Valerie Yow, Independent Scholar:
Community studies inform us about social organization and general conditions, and this study does indeed show us how the community as a whole functioned. But Zembrzycki brilliantly organizes her book so that oral histories show us individual lives: the women who refused to talk about domestic violence but could not leave out all signs of it; women who gleaned a feeling of belonging by working with other women, often to raise money for the Catholic Church; octogenarians who fondly remembered themselves as teenagers going to dances and eating fried chicken sandwiches early in the morning; men who described the excessive heat in the mines that caused many to pass out.
This study is grounded in careful research in both written records and oral histories. It is also deeply personal and unforgettable.
Joy Parr, author of Sensing Changes: Technologies, Environments, and the Everyday, 1953-2003:
The level of reflexivity and autocritique brought to the scholarship in According to Baba is rich and revealing, and much needed in the field of oral history. Works such as this are part of a project to move away from oral history as an imperial, colonizing project and to take it closer to the approach of our colleagues in ethnography.
Julie Cruikshank, author of Life Lived Like a Story: Life Stories of Three Yukon Native Elders:
According to Baba offers a highly original discussion of the challenges involved in “collaboration” and “shared authority” in research. It also provides a moving account of the struggles Ukrainian men, women, and families experienced in northern Ontario mining communities. Drawn from interviews and Stacey Zembrzycki’s intense discussions with her grandmother, this clearly written and engaging work will be welcomed by students from a range of disciplines and will certainly add to debates in history.

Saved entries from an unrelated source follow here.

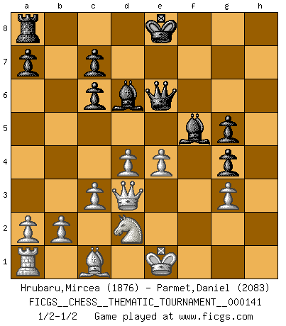 Last move : 1/2-1/2 2012 February 27 1:20:13 [Event "FICGS__CHESS__THEMATIC_TOURNAMENT__000141"] [Site "FICGS"] [Date "2012.01.07"] [Round "1"] [White "Hrubaru,Mircea"] [Black "Parmet,Daniel"] [Result "1/2-1/2"] [WhiteElo "1876"] [BlackElo "2083"] 1.f4 e5 2.fxe5 d6 3.exd6 Bxd6 4.Nf3 g5 5.g3 g4 6.Nh4 Ne7 7.d4 Ng6 8.Ng2 h5 9.Qd3 Nc6 10.c3 h4 11.Nf4 Qf6 12.Nxg6 fxg6 13.Bg2 hxg3 14.hxg3 Rxh1+ 15.Bxh1 Bf5 16.Bxc6+ bxc6 17.e4 Qe6 18.Nd2 g5 1/2-1/2 Bird : From gambit, Lasker variation This chess game ended in a draw. Follow this game move after move (download)The game of Chess is not merely an idle amusement; several very valuable qualities of the mind are to be acquired and strengthened by it, so as to become habits ready on all occasions; for life is a kind of Chess. (Benjamin Franklin) Ich habe Kasparov in Rente geschickt. (Veselin Topalov) El Ajedrez por encima de todo... ¡es una pelea!. (Emanuel Lasker) Psychologiquement, tu dois avoir confiance en toi même, mais cette confiance doit être basée sur des faits. (Robert Fischer) What doesn't kill us makes us stronger. (Friedrich Nietzsche)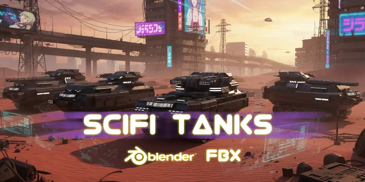 Sci-Fi Tanks Collection Modeled with Blender and Textured with Substance Painter.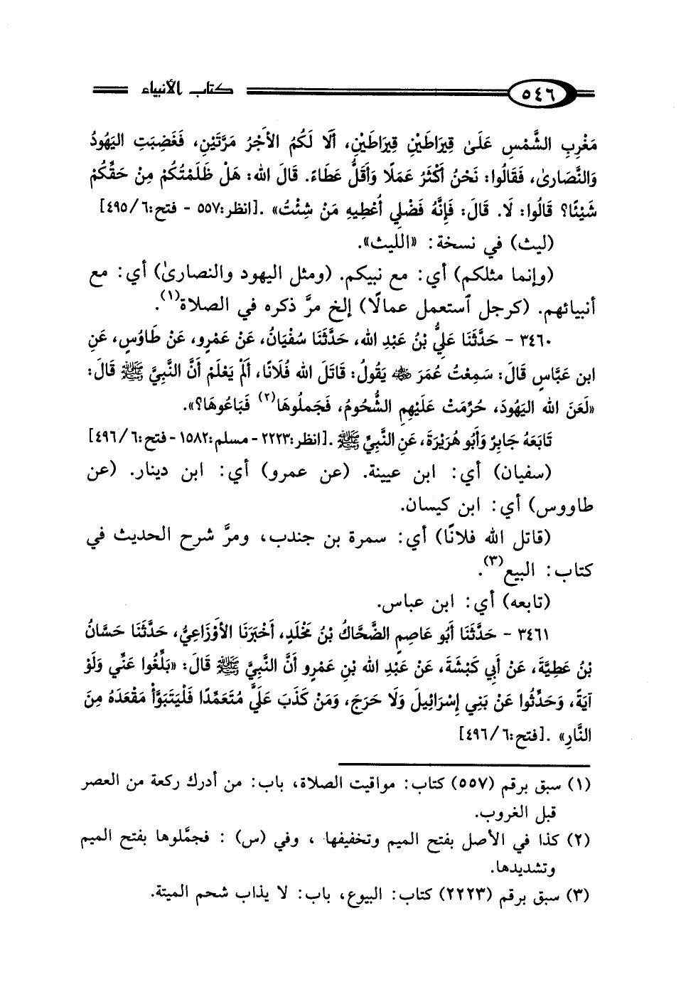 3460 - حَدَّثَنَا عَلِيُّ بْنُ عَبْدِ اللَّهِ، حَدَّثَنَا سُفْيَانُ، عَنْ عَمْرٍو، عَنْ طَاوُسٍ، عَنِ ابْنِ عَبَّاسٍ، قَال: سَمِعْتُ عُمَرَ رَضِيَ اللَّهُ عَنْهُ، يَقُولُ: قَاتَلَ اللَّهُ فُلانًا، أَلَمْ يَعْلَمْ أَنَّ النَّبِيَّ صَلَّى اللهُ عَلَيْهِ وَسَلَّمَ، قَال: "لَعَنَ اللَّهُ اليَهُودَ، حُرِّمَتْ عَلَيْهِمُ الشُّحُومُ فَجَمَّلُوهَا (¬2) فَبَاعُوهَا؟ ".
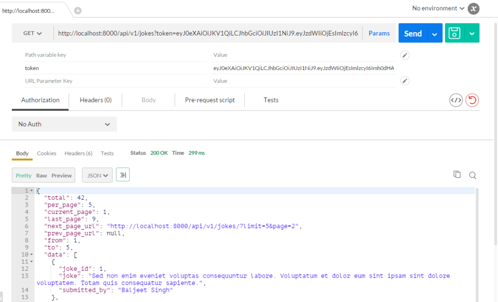 https://github.com/mbaljeetsingh/laravel5-jokes-api-with-jwt-and-pagination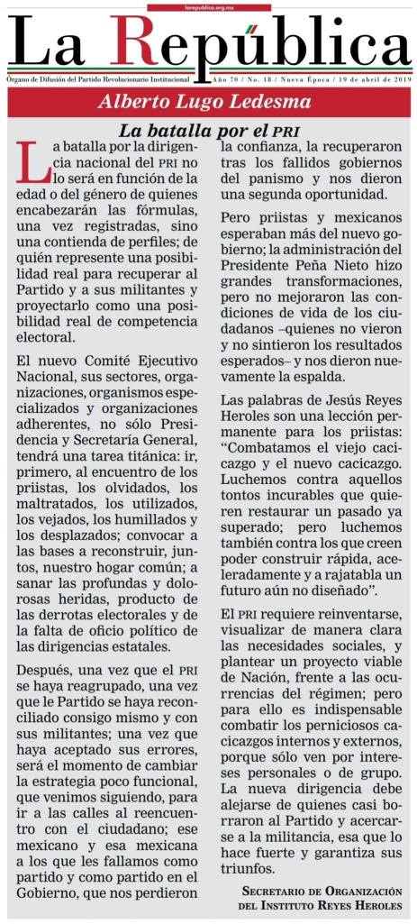 La batalla por el PRI 19Abr 201919 Jul 2020 Comparte esto:Tweet Compartir en WhatsApp (Se abre en una ventana nueva) WhatsApp Email a link to a friend (Se abre en una ventana nueva) Correo electrónico Me gusta Cargando... Relacionado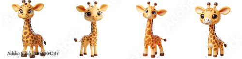 © lero.universal, Naklejka premium Set of 3D rendered illustration cartoon Giraffe isolated on white and Transparent Background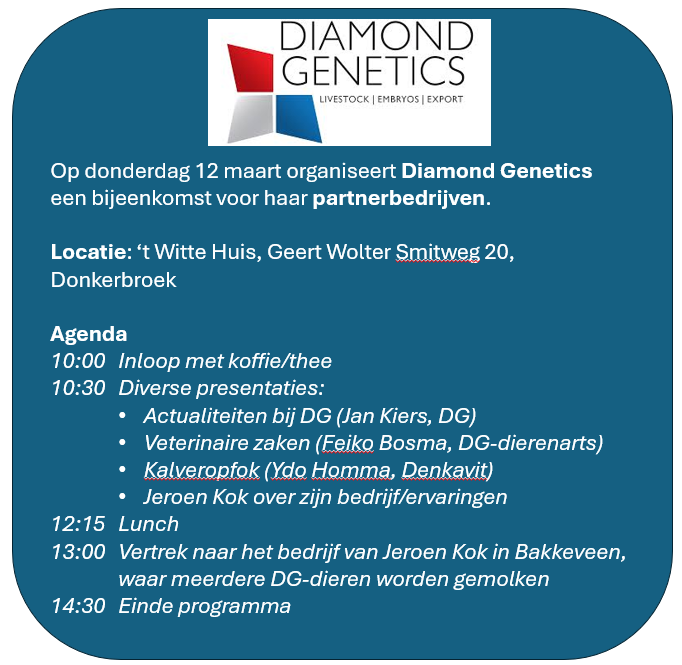 Wil je meer weten of vrijblijvend kennismaken? Meld je dan aan voor onze bijeenkomst op 12 maart in Donkerbroek via een email naar Jan Kiers j.kiers@diamond-genetics.nl

Alessandro Portelli, professor of American literature at the University of Roma–La Sapienza:
This work is highly original from a methodological point of view – the kind of sharing of authority between the author and Baba is one not often discussed in the literature but frequently experienced in fieldwork. The narrative format is perfect: this is not just a history of Ukrainians in Sudbury but also, as all oral history ought to be, an account of the research leading up to it and of the author’s own involvement.